Search for Exact Match
It also tries to guess which account you meant if you don’t type it 100% correctly. Which is very helpful for me because of the file structure that I have set up. The way I currently have my Reddit file set up is
social/reddit.com/<username>. (I really need to change this, but I digress). If I were to just type
gopass -c reddit gopass would return something like the following
trashcat@bulbasaur:[~]: gopass -c reddit
Entry 'reddit' not found. Starting search...
Found exact match in 'social/reddit.com/<username>'
✔ Copied social/reddit.com/<username> to clipboard. Will clear in 45 seconds.
I really enjoy that feature because I don’t always remember what I called the file and this way I don’t have to.
So this is a feature that I’m not entirely sure if I want to use yet or not. I kind of like the idea of having my passwords and my OTP tokens in the same spot, but what I don’t like is that I already have all my OTP tokens in andOTP and it seems annoying to change it. Now, this isn’t a shortcoming of
gopass but more of me just being lazy or stubborn. I’m also not in love with the Android Password Store app and I wish someone would make a better app. So for now I’ll probably stick with andOTP for my 2FA needs and just use gopass/Android Password Store for my passwords. Maybe if the app gets better in the future I’ll switch stuff over but for now I’ll stick with what I got.

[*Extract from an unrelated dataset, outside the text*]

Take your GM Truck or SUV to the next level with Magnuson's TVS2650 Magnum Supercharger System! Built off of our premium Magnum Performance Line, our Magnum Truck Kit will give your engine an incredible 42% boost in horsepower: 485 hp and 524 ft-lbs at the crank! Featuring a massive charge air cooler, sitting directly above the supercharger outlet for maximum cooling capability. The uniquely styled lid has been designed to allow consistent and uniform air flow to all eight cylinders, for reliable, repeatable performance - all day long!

It’s also a little bit annoying to add the OTP stuff. You have to get the otpauth:// URL and website’s don’t always make that easy to find. I have set up one account with gopass’s OTP support just as a test and I had to use something like zbar to use my computer’s webcam to scan the QR code given by the site. Too much of a hassle for me.
But nevertheless, it’s still a nice feature.

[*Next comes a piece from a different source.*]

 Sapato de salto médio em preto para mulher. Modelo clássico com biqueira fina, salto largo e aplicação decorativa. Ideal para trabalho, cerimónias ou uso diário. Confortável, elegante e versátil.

This is a feature that some people may hate, but I love. I’m lazy. I don’t always want to type all the commands to send my passwords to the git repo that I store them in. Luckily gopass has an auto-sync setting in the
.conf file that will automatically perform a
git pull and
git push whenever a file is changed. Now I don’t have to worry about making sure my new password will be available on my other devices.
Another cool feature is the password audit. I actually really like this tool. It can check your passwords and tell you if they are too short, are in the dictionary, or if they are slightly changed but still a word (ex. N3tfl1x).
trashcat@bulbasaur:[~]: gopass audit
gopass also has the ability to check if any of your passwords have been leaked in any data breaches using the Have I Been Pwnd api.
trashcat@bulbasaur:[~]: gopass audit hibp --api
This command is checking all your secrets against the haveibeenpwned.com API.
This will send five bytes of each passwords SHA1 hash to an untrusted server!
You will be asked to unlock all your secrets!
Do you want to continue? [y/N/q]: y
Computing SHA1 hashes of all your secrets ...
67 of 67 secrets computed [###########################################] 100.00%
Checking pre-computed SHA1 hashes against the HIBP API ...
Good news - No matches found!
So far these are the features I use the most. There are some other features, such as Multiple Stores, and Password Sharing, but so far I only use the features listed above. So far I’ve been happy with
gopass. I’ve had a few GPG related issues but I’ve seem to have ironed them out.
I also plan on getting my YubiKey to play nicely with
pass. I’ve gotten it running but ideally I’d like it to be quicker. I might just stick with the pass phrase for now. We will see.
But that’s why I’ve chosen
gopass as my password manager. I’m happy with how simple it is. I’m happy with how secure it is. I’m happy with how much control I have over it. It does what I need it to do and that’s all I can really ask for.